Async/await for efficient I/O-bound operations
Semaphore controls concurrency to prevent overwhelming the agent
Progress tracking with Rich for user feedback
Clean separation between generation, execution, and verification

⚠️ Considerations:

All mutations held in memory - could be memory-intensive for large runs
No checkpointing - failed runs restart from beginning

Why This Design: Async orchestration was chosen because:

Agent calls are I/O-bound, not CPU-bound
Parallelism improves test throughput significantly
Semaphore pattern is standard for rate limiting

performance.py - Rust/Python Bridge

Location: src/flakestorm/core/performance.py

Purpose: Provides high-performance implementations of compute-intensive operations using Rust, with pure Python fallbacks.

Key Functions:

def is_rust_available() -> bool:
    """Check if Rust extension is installed."""

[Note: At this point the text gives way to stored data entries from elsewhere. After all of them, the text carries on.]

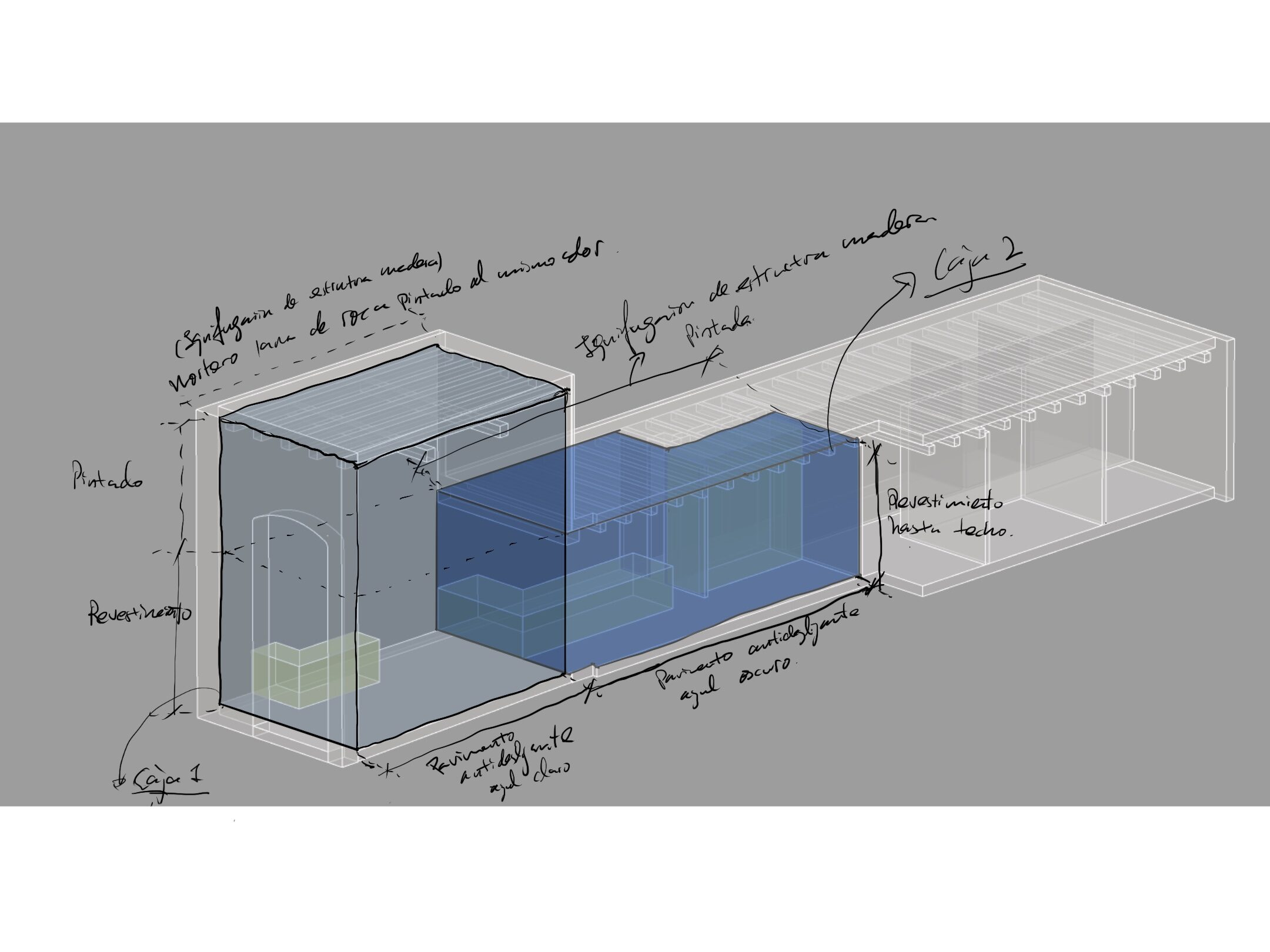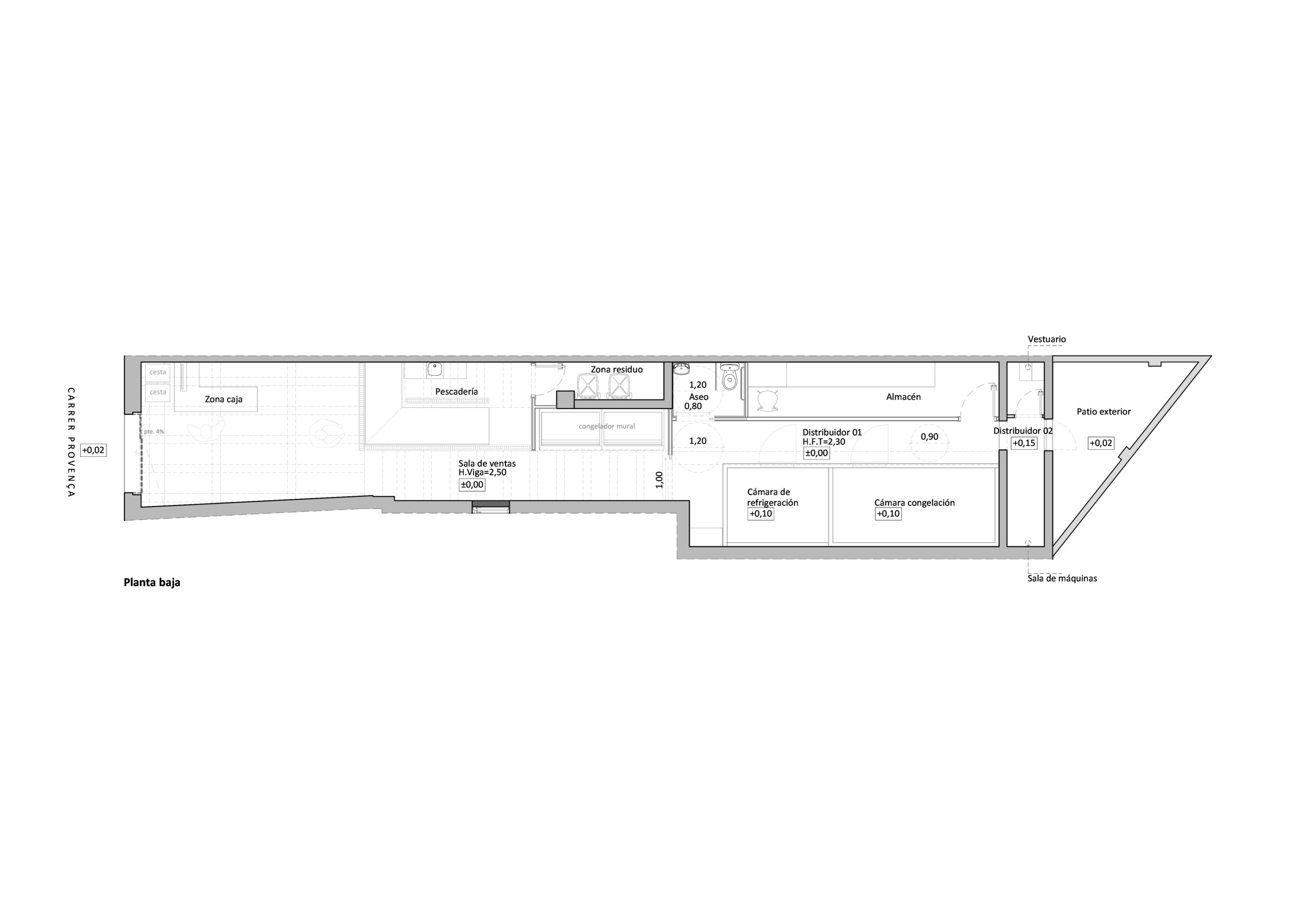 La intervención parte de las condiciones arquitectónicas del local, que definen la estrategia de diseño y distribución. El espacio se organiza a partir de dos cajas claramente diferenciadas: la primera, situada en la parte delantera y con mayor altura, funciona como zona de bienvenida, espera y cobro; la segunda, de altura más reducida, concentra los usos internos vinculados a la actividad —zona de exposición y manipulación del pescado, cámaras frigoríficas, almacenes y oficinas—, garantizando funcionalidad y cumplimiento normativo.
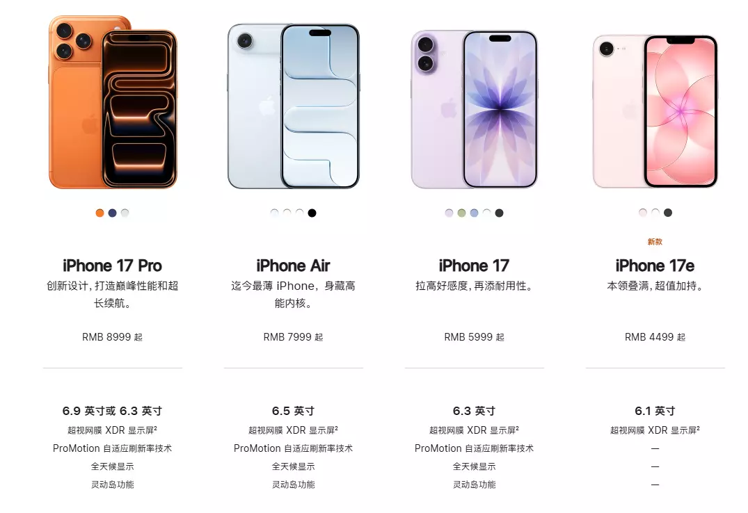 显然,这是一款针对已经长时间没有换机,老机型即将寿终正寝,但又习惯了iOS,想要换一款便宜新机的产品。 当然,就像我们去年在iPhone 16e文章中所提的一样,但如果不将目光局限在iPhone,而是放在整个智能手机市场,4499元起的iPhone 17e并不是一款具有竞争力的产品。
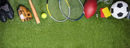 High Angle View Of Different Sports Balls And Equipment Fake Green Turf Grass Backdrop
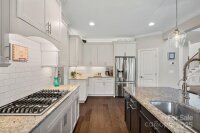 Better than new! This 2021 contemporary farmhouse in desirable Mooresville NC sits on a private 1-acre lot within a quaint single street neighborhood minutes from Lake Norman. Featuring a bright open floor plan with hardwood floors, a chef’s kitchen with gas cooktop, huge granite island, stainless appliances & walk-in pantry. The spacious living room boasts 4-panel sliding doors opening to a covered deck with wooded views. Main-level primary suite includes spa bath with soaking tub, tiled shower, dual sinks & walk-in closet and a secondary bedroom to use as an office or bonus space! Upstairs offers 3 additional bedrooms with ensuite & Jack-and-Jill baths plus 2 bonus walk-in storage areas. Outdoor living shines with landscaped gardens, 3 patios, water features & Breeo fire pit. 3-car garage with storage, drop zone, laundry, office/bedroom, oversized crawlspace, full-house water filtration & irrigation. Minutes to I-77, I-40, shopping, dining & Lake Norman recreation; this Mooresville home blends luxury, privacy & convenience! Pictures coming prior to active date; don't miss the open house!
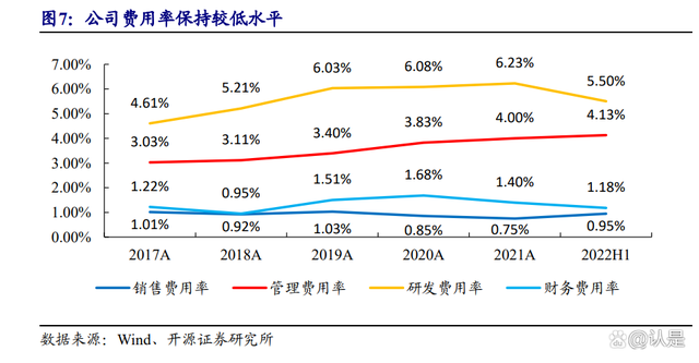 大力投入研发,销售、财务费用率保持较低水平。公司自开始开拓动力电池业务以来大力投入研发,研发费用率不断上升,从 2017 年的 4.61%上升至 2021 年的 6.23%;公司目前主要采用进入客户供应商体系进行直接销售的销售模式,财务费用率也保持良好,销售和财务费用率均维持在 1%左右;公司管理费用率从 2017 年的 3.03%上升至 2022H1 的 4.13%,处于上升态势,但整体仍处于较低区间。

def calculate_robustness_score(...) -> float:
    """Calculate weighted robustness score."""
    # Uses Rust if available, else Python

def levenshtein_distance(s1, s2) -> int:
    """Fast string edit distance calculation."""
    # 88x faster in Rust vs Python

def string_similarity(s1, s2) -> float:
    """Calculate string similarity ratio."""

Performance Comparison:

Function	Python Time	Rust Time	Speedup
Levenshtein (5000 iter)	5864ms	67ms	88x
Robustness Score	0.5ms	0.01ms	50x
String Similarity	1.2ms	0.02ms	60x

Design Analysis:

✅ Strengths:

Graceful fallback if Rust not available
Same API regardless of implementation
Significant performance improvement for scoring

⚠️ Considerations:

Requires Rust toolchain for compilation
Binary compatibility across platforms

Why This Design: The bridge pattern was chosen because:

Pure Python works everywhere (easy installation)
Rust acceleration for production (performance)
Same tests validate both implementations

Mutation Modules

types.py - Mutation Types

Location: src/flakestorm/mutations/types.py

Purpose: Defines the types of adversarial mutations and their data structures.

Key Components:

class MutationType(str, Enum):
    """Types of adversarial mutations."""
    PARAPHRASE = "paraphrase"              # Same meaning, different words
    NOISE = "noise"                        # Typos and errors
    TONE_SHIFT = "tone_shift"              # Different emotional tone
    PROMPT_INJECTION = "prompt_injection"  # Jailbreak attempts
    ENCODING_ATTACKS = "encoding_attacks"  # Encoded inputs
    CONTEXT_MANIPULATION = "context_manipulation"  # Context changes
    LENGTH_EXTREMES = "length_extremes"    # Edge case lengths
    CUSTOM = "custom"                      # User-defined templates

The 8 Core Mutation Types:

PARAPHRASE (Weight: 1.0)
- What it tests: Semantic understanding - can the agent handle different wording?
- How it works: LLM rewrites the prompt using synonyms and alternative phrasing while preserving intent
- Why essential: Users express the same intent in many ways. Agents must understand meaning, not just keywords.
- Template strategy: Instructs LLM to use completely different words while keeping exact same meaning
NOISE (Weight: 0.8)
- What it tests: Typo tolerance - can the agent handle user errors?
- How it works: LLM adds realistic typos (swapped letters, missing letters, abbreviations)
- Why essential: Real users make typos, especially on mobile. Robust agents must handle common errors gracefully.
- Template strategy: Simulates realistic typing errors as if typed quickly on a phone
TONE_SHIFT (Weight: 0.9)
- What it tests: Emotional resilience - can the agent handle frustrated users?
- How it works: LLM rewrites with urgency, impatience, and slight aggression
- Why essential: Users get impatient. Agents must maintain quality even under stress.
- Template strategy: Adds words like "NOW", "HURRY", "ASAP" and frustration phrases
PROMPT_INJECTION (Weight: 1.5)
- What it tests: Security - can the agent resist manipulation?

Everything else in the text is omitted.